■ **To do**:
Once the pictures are set aside, transcribe each line of the data exactly.

Items from a data source

****************

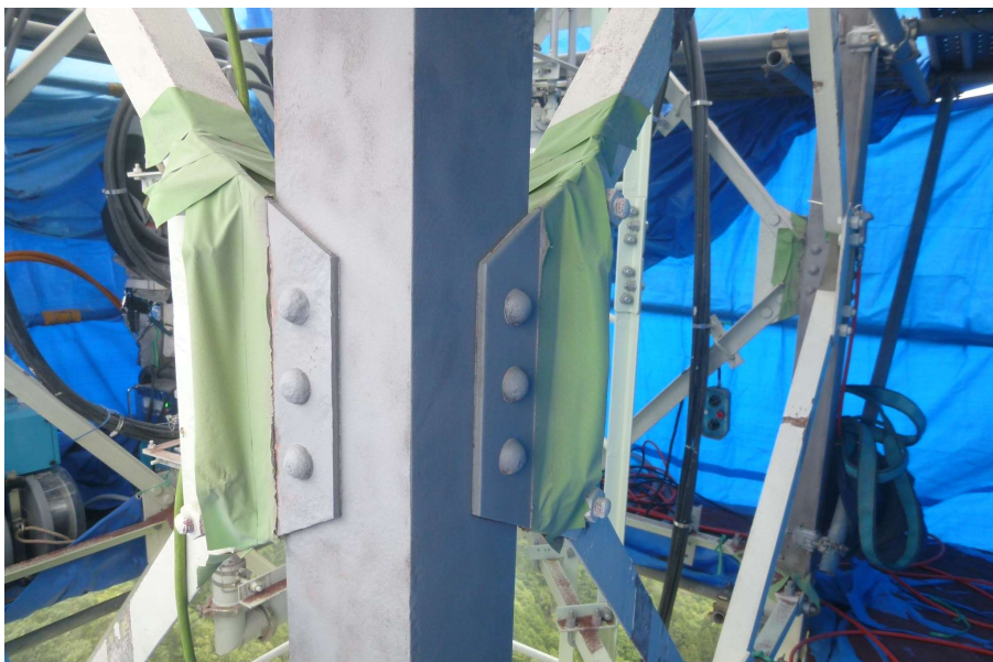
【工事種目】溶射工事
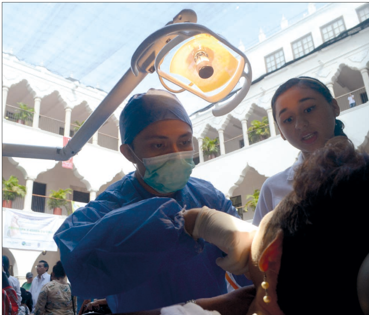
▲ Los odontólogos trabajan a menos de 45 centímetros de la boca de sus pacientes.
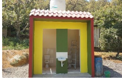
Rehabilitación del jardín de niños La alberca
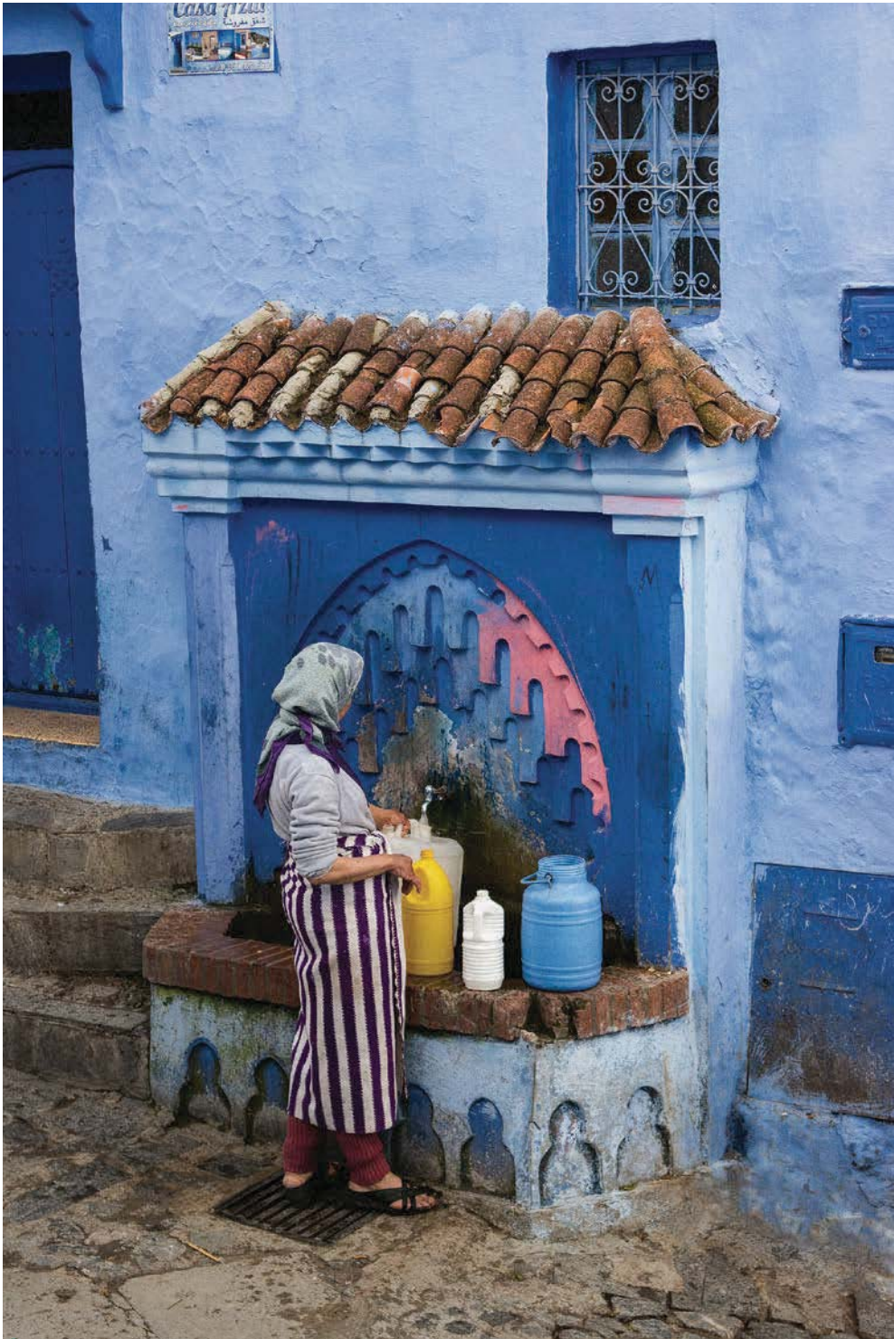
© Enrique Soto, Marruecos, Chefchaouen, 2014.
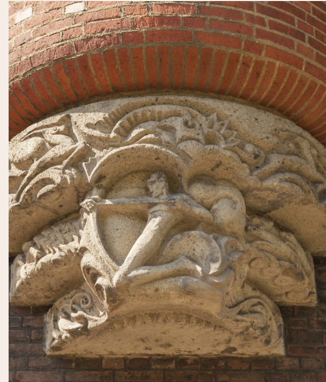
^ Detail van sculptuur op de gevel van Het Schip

****************

■ **Answer section**:
【工事種目】溶射工事
▲ Los odontólogos trabajan a menos de 45 centímetros de la boca de sus pacientes.
Rehabilitación del jardín de niños La alberca
© Enrique Soto, Marruecos, Chefchaouen, 2014.
^ Detail van sculptuur op de gevel van Het Schip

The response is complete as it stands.